Но вот перемена декорации — и показался сам Отелло. Гром рукоплесканий приветствовал трагика… Флоренция уже знала его — но если б и не знала, то есть такие наружности и такие входы, при которых рукоплескания совершенно понятны. Изящнее, величавее и стройнее наружности я еще не видывал: это было нечто среднее между исполинским ростом Каратыгина и очень средним Мочалова, на гримированной по условиям роли физиономии ярко сверкали огненные глаза — и, кроме того, Это была не безобразная физиономия хамита-негра, а открытая, благородно-спокойная и, несмотря на зрелый возраст, прекрасная, хотя бронзовая физиономия семита-мавра. В поступи, в движениях видна была исполненная сознания достоинства простота сына степей, соединенная с образованностью средневекового итальянского генерала. Костюм его был великолепен; яркие цвета. Востока играли в нем значительную роль, но между тем это был не турок, не араб, а венецианец, сохранивший только некоторые из привычек Востока в манере одеваться…Все эти условия весьма важны, ибо все это поясняет магическое обаяние, которое произвел он на Дездемону.

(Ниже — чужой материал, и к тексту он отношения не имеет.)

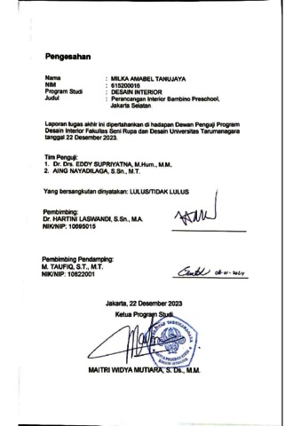 Tanujaya, Milka Amabel (2023) Perancangan interior Bambino Preschool, Jakarta Selatan (DI - 2522). Skripsi thesis, Universitas Tarumanagara.
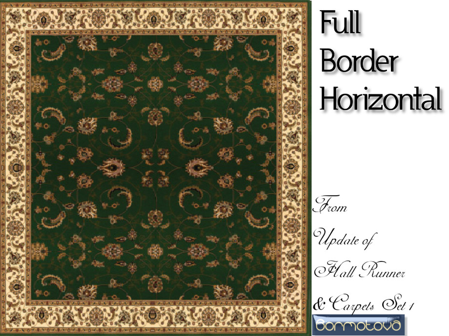From Hall Runner and Carpet Set 1 UPDATE, will not be inline with the original. This set includes the horizontal placement of the carpet with hall runner, corners and sides also no border (for fill) and full border. There are 11 floors in each part 1 of the set.

Покамест только еще и можно было сказать о трагике — да, может быть, и хорошо было то, что только еще и сказать было можно. Так уже надоели мне разные Отелло, появляющиеся с громом и треском, что на меня довольно сильно подействовала простота Сальвини… В разговоре его с Яго, с Кассио — было такое отсутствие желания напрашиваться на рукоплескания, а в разговоре с Брабанцио такая почтительная и достойная зрелого человека вежливость к оскорбленному им старику, — что цивилизованный уже Мавр и много испытавший вождь являлся в нем очевидно и ярко.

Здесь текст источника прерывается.